Exact copy, no pictures: take the lines of the listing below from the first through the one containing "Salon, salle à".

** Opening Supplied data block **

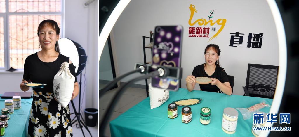 拼版照片:左圖為宋俊麗在山西省平順縣龍鎮(zhèn)村電商服務(wù)中心直播間里;右圖為宋俊麗通過(guò)網(wǎng)絡(luò)直播介紹農(nóng)產(chǎn)品(7月8日攝)。2018年,時(shí)年29歲的宋俊麗參加了縣里組織的電商培訓(xùn),在電商導(dǎo)師的鼓勵(lì)下,她嘗試了首次直播,當(dāng)時(shí)直播間里只有幾名觀眾。在自己的堅(jiān)持和電商導(dǎo)師的幫助下,如今她已收獲了不少粉絲,每次上線直播,粉絲們都會(huì)讓她推薦當(dāng)?shù)氐奶厣r(nóng)產(chǎn)品。
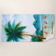 Toalha Verde Azul de Praia com a cor azul-d'água, arte verde de praia e flamingos cor-de-rosa.Use personalizar esta opção modelo para alterar o texto | Use a opção personalizar mais para alterar o estilo, o tamanho e a cor do texto, se necessário.
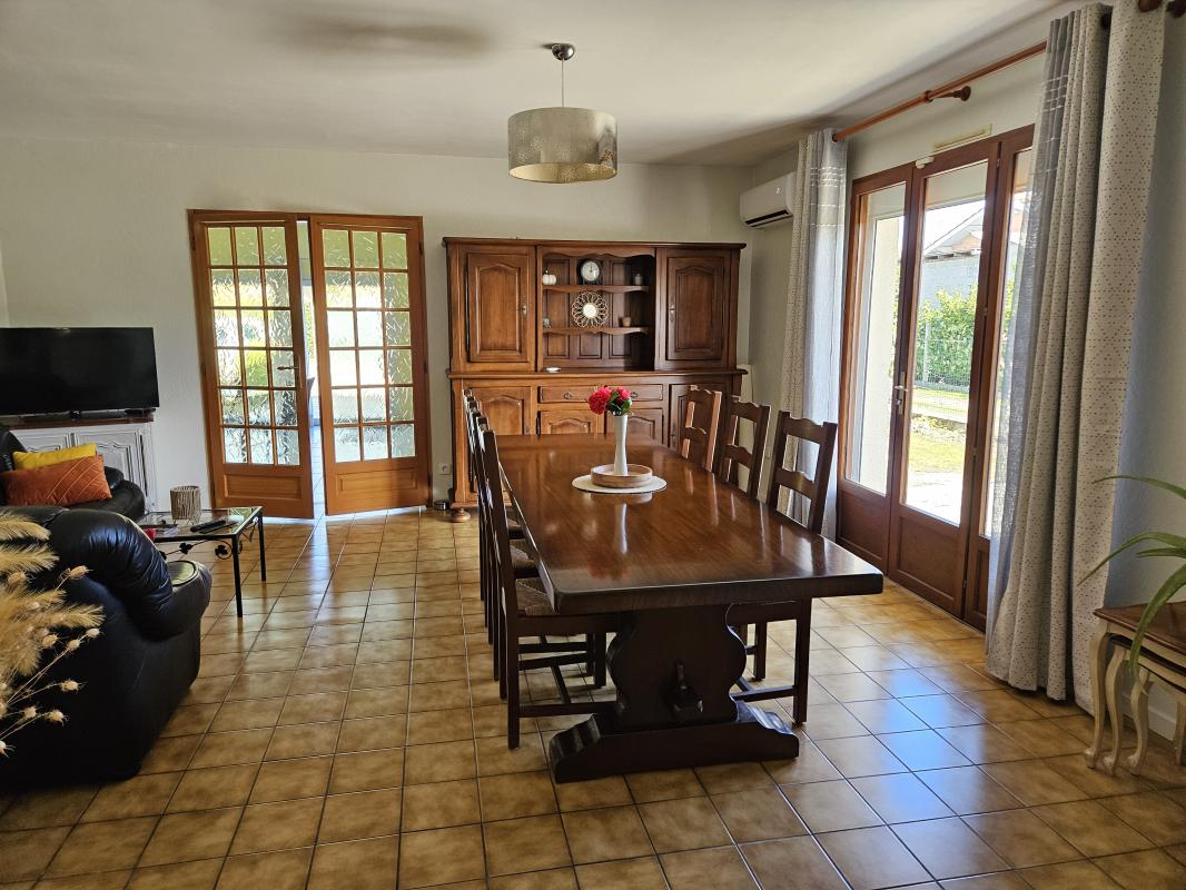 Salon, salle à manger, cuisine séparée,pièce à vivre (25m2)avec cheminée foyer ouvert,3 chambres,cellier, 1 wc séparé. Douche à l'italienne neuve pas de travaux à prévoir. Alarme, 2 clims réversibles. Volets roulants électriques. DPE "C".
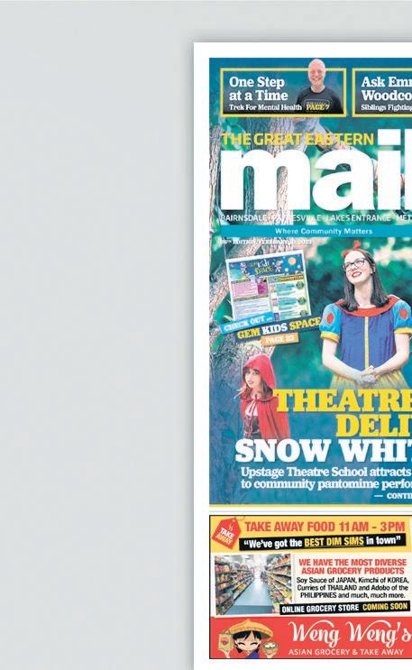 The Great Eastern Mail MAY 10, 2024 23 Certied for quality, safety and environment Find out more: www.battbrothers.com Email us: kyle@battbrothers.com ❱ Tree Pruning & Removals ❱ Slashing ❱ Weed Management ❱ Forestry Mulching Prompt & Professional tree Services. Get a free quote today, ca11 1300 BAT BRO Certied for quality, safety and environment Great opportunities are available to promote your business through both our print and online media Newspaper | Facebook | Instagram
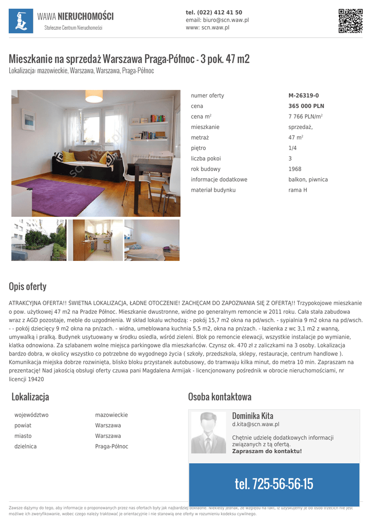 tel. (022) 412 41 50 email: [email protected] www: scn.waw.pl Mieszkanie na sprzedaż Warszawa Praga-Północ - 3 pok. 47 m2 Lokalizacja: mazowieckie, Warszawa, Warszawa, Praga-Północ numer oferty M-26319-0 cena 365 000 PLN cena m 7 766 PLN/m2 mieszkanie sprzedaż, metraż 47 m2 piętro 1/4 liczba pokoi 3 rok budowy 1968 informacje dodatkowe balkon, piwnica materiał budynku rama H 2 Opis oferty ATRAKCYJNA OFERTA!! ŚWIETNA LOKALIZACJA, ŁADNE OTOCZENIE! ZACHĘCAM DO ZAPOZNANIA SIĘ Z OFERTĄ!! Trzypokojowe mieszkanie o pow. użytkowej 47 m2 na Pradze Północ. Mieszkanie dwustronne, widne po generalnym remoncie w 2011 roku. Cała stała zabudowa wraz z AGD pozostaje, meble do uzgodnienia. W skład lokalu wchodzą: - pokój 15,7 m2 okna na pd/wsch. - sypialnia 9 m2 okna na pd/wsch. - - pokój dziecięcy 9 m2 okna na pn/zach. - widna, umeblowana kuchnia 5,5 m2, okna na pn/zach. - łazienka z wc 3,1 m2 z wanną, umywalką i pralką. Budynek usytuowany w środku osiedla, wśród zieleni. Blok po remoncie elewacji, wszystkie instalacje po wymianie, klatka odnowiona. Za szlabanem wolne miejsca parkingowe dla mieszkańców. Czynsz ok. 470 zł z zaliczkami na 3 osoby. Lokalizacja bardzo dobra, w okolicy wszystko co potrzebne do wygodnego życia ( szkoły, przedszkola, sklepy, restauracje, centrum handlowe ). Komunikacja miejska dobrze rozwinięta, blisko bloku przystanek autobusowy, do tramwaju kilka minut, do metra 10 min. Zapraszam na prezentację! Nad jakością obsługi oferty czuwa pani Magdalena Armijak - licencjonowany pośrednik w obrocie nieruchomościami, nr licencji 19420 Lokalizacja Osoba kontaktowa Dominika Kita województwo mazowieckie powiat Warszawa [email protected] miasto Warszawa dzielnica Praga-Północ Chętnie udzielę dodatkowych informacji związanych z tą ofertą. Zapraszam do kontaktu! tel. 725-56-56-15 Zawsze dążymy do tego, aby informacje o proponowanych przez nas ofertach były jak najbardziej dokładne. Niekiedy jednak, ze względu na fakt, iż uzyskujemy je od osób trzecich nie jest możliwe ich zweryfikowanie, wobec czego należy traktować je orientacyjnie i nie stanowią one oferty w rozumieniu kodeksu cywilnego.
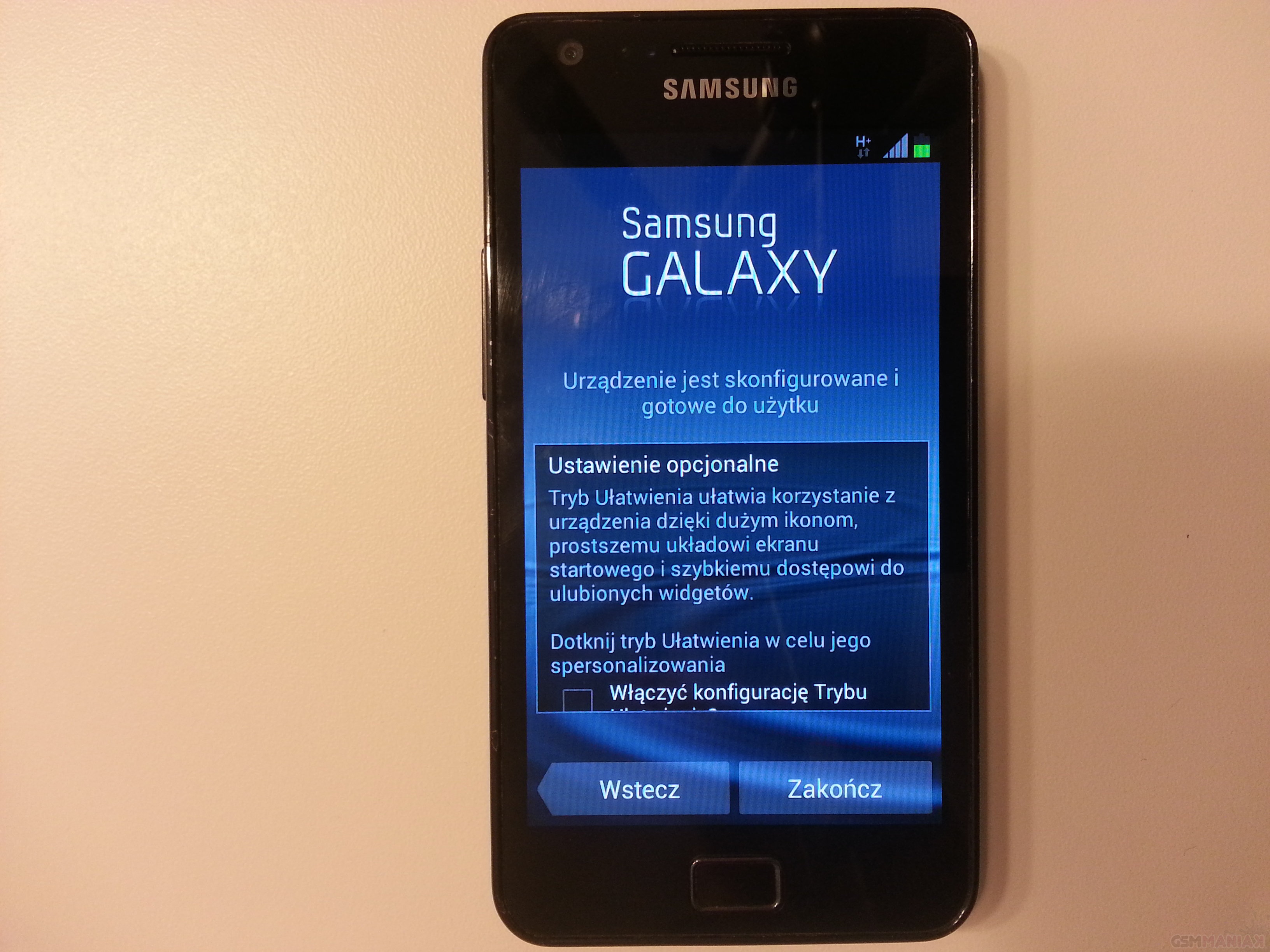 Na końcu procesu konfiguracji widzimy na ekranie okno z możliwością włączenia Trybu Ułatwienia. Tryb ten pozwala na uproszczenie interfejsu urządzenia i jest on wskazany dla początkujących użytkowników, którzy mają obawy czy ze wszystkim sobie poradzą.
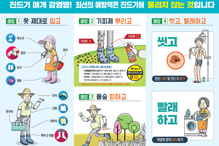 농작업 등 야외활동 중에는 △풀 위에 앉을 때 작업용 방석이나 돗자리를 사용하도록 하고, △보조적으로 진드기 기피제를 약 4시간마다 의복 등에 적당량 뿌려주면 진드기 물림 예방에 도움이 된다. 농작업 등 야외활동 후에는 △몸을 씻고 △작업복은 충분히 털어내고 세탁해야 한다.
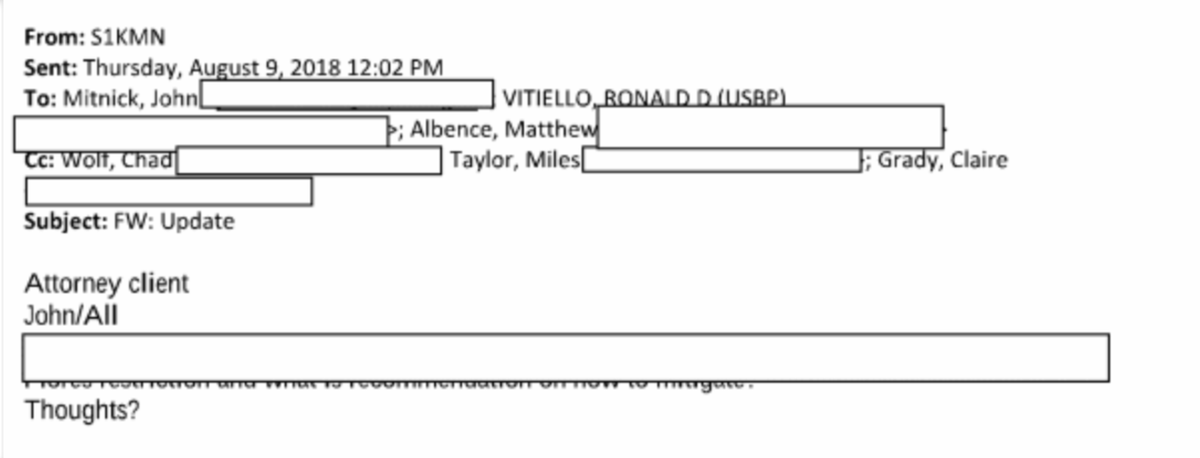In August 2018, Nielsen forwarded an exchange with Kelly, Deputy AG Rod Rosenstein & others to top DHS officials. She appears to ask for their thoughts on “what is recommendation on how to mitigate.”
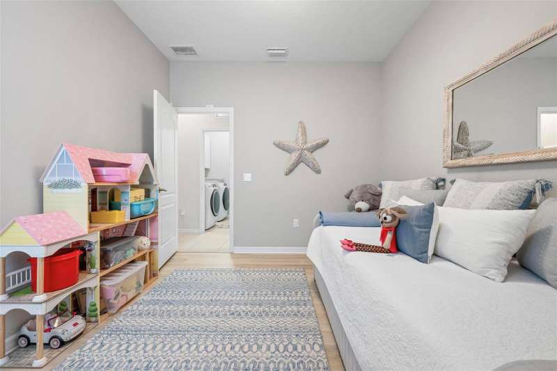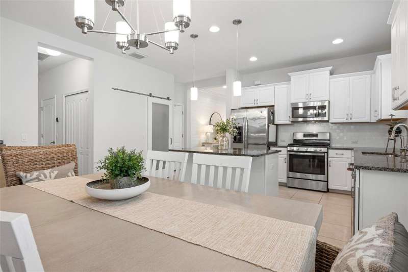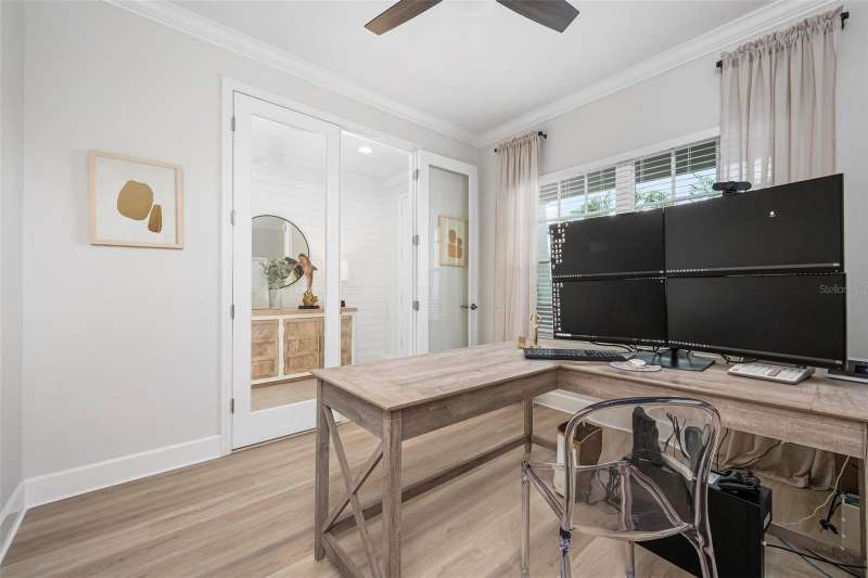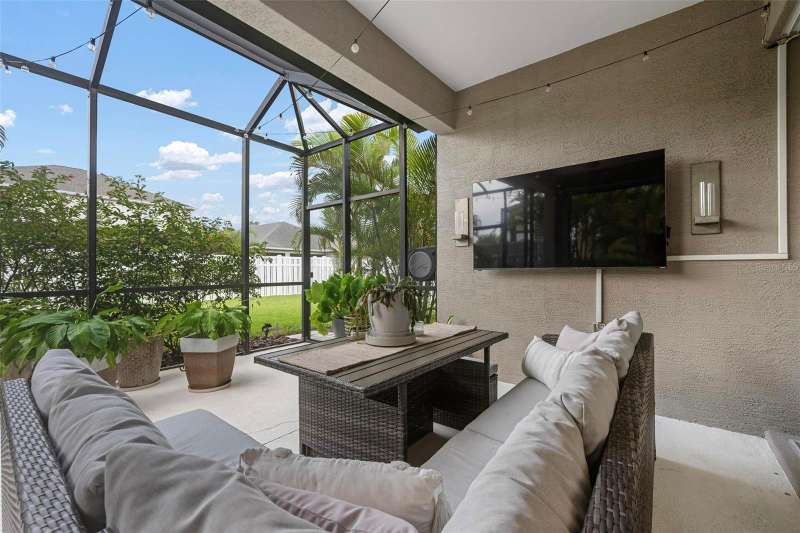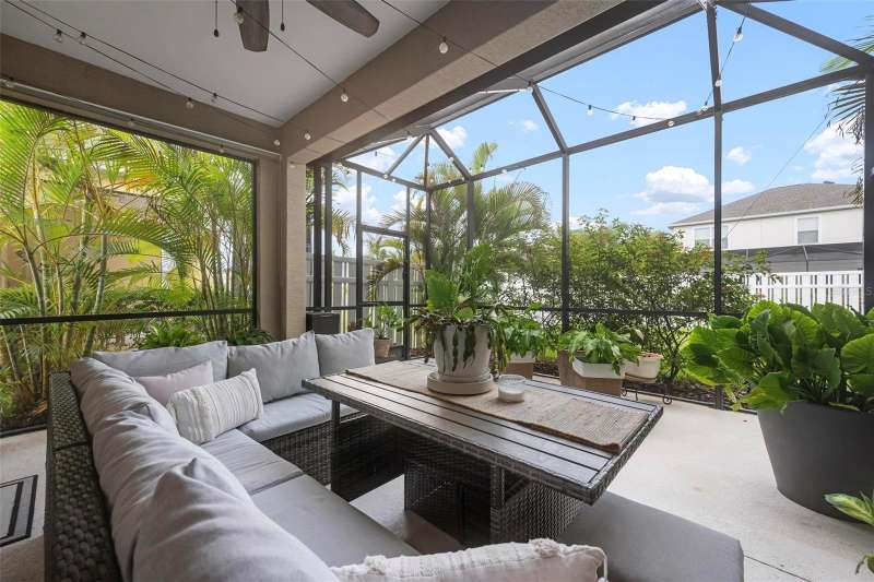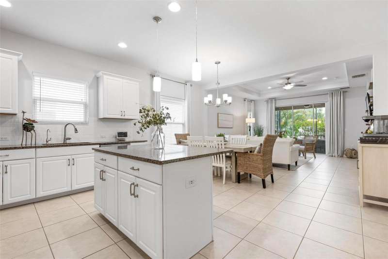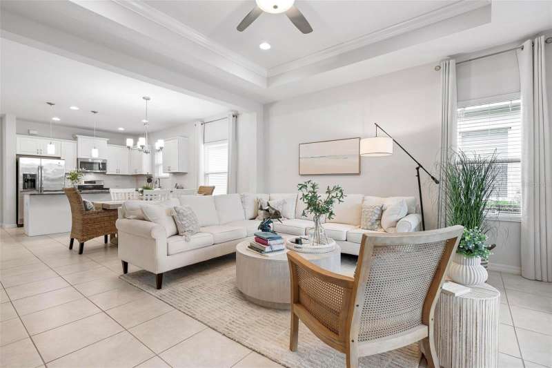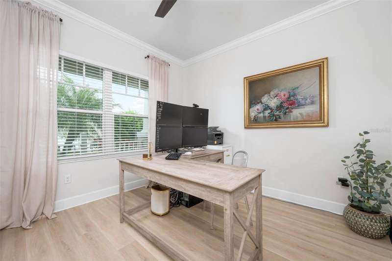 PERFECTION IN WOODBROOK… Move-in ready! Beautifully maintained 3-bedroom plus DEN home with a bright and open great room layout. Stylish upgrades throughout make this home feel like new. Welcoming covered front entry and meticulously maintained landscaping enhance the curb appeal. Neutral ceramic tile and luxury vinyl plank flooring throughout – no carpet. Foyer with charming ship-lap accent wall. Crown molding, tray ceiling, recessed lighting, updated stylish light fixtures and ceiling fans. Expansive great room with wall of floating wall-mounted shelves and cabinet. Pocket sliding doors open to the extended screened lanai for effortless indoor-outdoor living. Large fully fenced backyard with low-maintenance vinyl privacy fencing. Open floor plan connects the great room, dining room and kitchen. Inviting kitchen with Shaker-style cabinetry, granite countertops, subway tile backsplash, stainless steel appliances and a large center island with counter-height seating. A spacious walk-in pantry with barn door provides generous storage space. Retreat to the primary suite compete with a large walk-in closet and ensuite bath with tiled walk-in shower. Two additional bedrooms share a well-appointed full bathroom, while a versatile den with French glass doors at the front of the home makes for the perfect home office, media room, playroom or additional living space. The laundry room includes built-in cabinetry and GE washer and dryer. Additional closets throughout the home for storage and a two-car garage with built-in overhead storage. Built by award-winning Neal Communities and nestled in the private, pet-friendly community of Woodbrook. Residents enjoy a resort-style heated pool and spa, cabana, outdoor grill area with tables, playground, park, and scenic walking trails that wind through beautifully preserved natural surroundings. Conveniently located near world-class shopping at UTC, fine dining, cultural attractions, downtown Sarasota, the pristine Gulf Coast beaches, top-rated golf courses, and Sarasota-Bradenton International Airport. With easy access to the University Parkway corridor, everything you need is just minutes away.

** Closing Supplied data block **

Exercise answer:
 拼版照片:左圖為宋俊麗在山西省平順縣龍鎮(zhèn)村電商服務(wù)中心直播間里;右圖為宋俊麗通過(guò)網(wǎng)絡(luò)直播介紹農(nóng)產(chǎn)品(7月8日攝)。2018年,時(shí)年29歲的宋俊麗參加了縣里組織的電商培訓(xùn),在電商導(dǎo)師的鼓勵(lì)下,她嘗試了首次直播,當(dāng)時(shí)直播間里只有幾名觀眾。在自己的堅(jiān)持和電商導(dǎo)師的幫助下,如今她已收獲了不少粉絲,每次上線直播,粉絲們都會(huì)讓她推薦當(dāng)?shù)氐奶厣r(nóng)產(chǎn)品。
 Toalha Verde Azul de Praia com a cor azul-d'água, arte verde de praia e flamingos cor-de-rosa.Use personalizar esta opção modelo para alterar o texto | Use a opção personalizar mais para alterar o estilo, o tamanho e a cor do texto, se necessário.
 Salon, salle à manger, cuisine séparée,pièce à vivre (25m2)avec cheminée foyer ouvert,3 chambres,cellier, 1 wc séparé. Douche à l'italienne neuve pas de travaux à prévoir. Alarme, 2 clims réversibles. Volets roulants électriques. DPE "C".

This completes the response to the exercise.